● Work to complete
Count lines, not occurrences: report how many lines in the records hold the string "comme", and nothing else.

● Information shown
Segment Open

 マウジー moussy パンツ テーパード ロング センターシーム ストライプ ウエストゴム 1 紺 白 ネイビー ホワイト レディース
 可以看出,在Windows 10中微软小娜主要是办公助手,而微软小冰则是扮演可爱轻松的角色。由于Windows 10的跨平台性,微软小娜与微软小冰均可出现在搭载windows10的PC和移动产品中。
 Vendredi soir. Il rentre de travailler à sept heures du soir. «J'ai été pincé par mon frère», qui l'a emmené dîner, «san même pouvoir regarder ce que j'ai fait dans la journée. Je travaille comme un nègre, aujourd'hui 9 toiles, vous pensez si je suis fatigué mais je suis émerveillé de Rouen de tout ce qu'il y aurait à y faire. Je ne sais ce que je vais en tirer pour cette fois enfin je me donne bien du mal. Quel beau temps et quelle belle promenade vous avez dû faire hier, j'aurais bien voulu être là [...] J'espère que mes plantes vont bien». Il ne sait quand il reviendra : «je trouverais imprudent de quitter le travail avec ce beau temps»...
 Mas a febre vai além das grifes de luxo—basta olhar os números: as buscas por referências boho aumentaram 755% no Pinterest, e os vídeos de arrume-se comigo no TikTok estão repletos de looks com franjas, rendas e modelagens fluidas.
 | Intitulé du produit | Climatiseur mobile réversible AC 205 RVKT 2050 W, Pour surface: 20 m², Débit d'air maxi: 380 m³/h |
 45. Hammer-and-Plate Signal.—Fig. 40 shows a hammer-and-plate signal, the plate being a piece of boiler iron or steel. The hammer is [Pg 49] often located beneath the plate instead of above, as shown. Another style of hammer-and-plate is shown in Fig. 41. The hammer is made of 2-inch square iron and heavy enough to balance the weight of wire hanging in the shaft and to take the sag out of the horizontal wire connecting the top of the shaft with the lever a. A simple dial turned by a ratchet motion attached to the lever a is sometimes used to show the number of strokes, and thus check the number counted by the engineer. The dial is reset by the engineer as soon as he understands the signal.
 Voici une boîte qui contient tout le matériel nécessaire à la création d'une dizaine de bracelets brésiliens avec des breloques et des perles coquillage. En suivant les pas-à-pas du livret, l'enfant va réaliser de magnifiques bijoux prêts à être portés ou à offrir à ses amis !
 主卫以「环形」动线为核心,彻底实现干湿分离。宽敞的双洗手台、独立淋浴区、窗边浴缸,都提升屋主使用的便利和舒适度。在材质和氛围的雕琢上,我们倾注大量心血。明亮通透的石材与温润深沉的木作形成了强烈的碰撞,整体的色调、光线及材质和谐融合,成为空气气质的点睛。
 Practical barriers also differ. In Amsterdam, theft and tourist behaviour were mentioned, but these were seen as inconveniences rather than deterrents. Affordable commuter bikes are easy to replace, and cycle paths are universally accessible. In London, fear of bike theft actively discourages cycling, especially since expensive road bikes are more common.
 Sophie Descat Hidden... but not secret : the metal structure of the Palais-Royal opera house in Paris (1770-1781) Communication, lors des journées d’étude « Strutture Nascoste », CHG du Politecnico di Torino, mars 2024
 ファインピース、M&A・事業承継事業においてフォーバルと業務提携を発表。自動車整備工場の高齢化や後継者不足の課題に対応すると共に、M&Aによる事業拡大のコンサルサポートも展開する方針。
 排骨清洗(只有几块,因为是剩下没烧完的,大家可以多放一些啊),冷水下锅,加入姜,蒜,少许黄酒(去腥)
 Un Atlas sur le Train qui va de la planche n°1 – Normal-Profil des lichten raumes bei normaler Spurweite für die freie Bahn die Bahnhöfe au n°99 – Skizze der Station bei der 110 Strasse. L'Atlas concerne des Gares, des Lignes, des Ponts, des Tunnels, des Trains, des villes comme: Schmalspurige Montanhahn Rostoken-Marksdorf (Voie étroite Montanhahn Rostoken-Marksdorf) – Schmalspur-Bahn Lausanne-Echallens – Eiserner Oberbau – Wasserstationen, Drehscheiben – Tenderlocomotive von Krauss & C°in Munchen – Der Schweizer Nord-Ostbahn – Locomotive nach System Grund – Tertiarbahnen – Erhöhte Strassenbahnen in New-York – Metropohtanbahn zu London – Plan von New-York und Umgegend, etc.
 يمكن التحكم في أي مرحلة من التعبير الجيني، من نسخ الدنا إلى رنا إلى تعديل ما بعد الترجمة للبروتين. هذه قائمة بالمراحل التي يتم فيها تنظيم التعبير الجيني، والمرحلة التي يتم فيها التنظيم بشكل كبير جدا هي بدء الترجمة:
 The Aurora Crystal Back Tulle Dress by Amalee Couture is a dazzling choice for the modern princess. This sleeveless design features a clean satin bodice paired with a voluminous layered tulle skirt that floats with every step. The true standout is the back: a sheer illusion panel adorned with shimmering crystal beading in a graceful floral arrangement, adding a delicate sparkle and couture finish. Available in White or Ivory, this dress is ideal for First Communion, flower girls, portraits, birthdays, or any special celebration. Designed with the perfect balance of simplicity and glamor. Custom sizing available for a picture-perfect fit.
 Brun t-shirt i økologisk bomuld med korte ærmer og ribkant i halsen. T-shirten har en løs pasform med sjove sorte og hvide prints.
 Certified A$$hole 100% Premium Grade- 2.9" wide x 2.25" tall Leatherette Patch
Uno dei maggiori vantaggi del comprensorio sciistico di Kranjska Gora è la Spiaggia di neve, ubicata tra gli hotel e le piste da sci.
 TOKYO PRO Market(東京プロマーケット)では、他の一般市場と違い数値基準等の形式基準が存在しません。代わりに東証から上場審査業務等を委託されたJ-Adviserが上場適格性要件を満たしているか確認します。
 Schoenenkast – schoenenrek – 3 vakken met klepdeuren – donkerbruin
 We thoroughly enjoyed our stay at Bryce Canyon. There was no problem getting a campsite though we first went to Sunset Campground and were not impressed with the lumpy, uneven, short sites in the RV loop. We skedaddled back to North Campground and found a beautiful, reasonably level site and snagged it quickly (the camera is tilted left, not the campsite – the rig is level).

Segment Closed

● Solved problem
2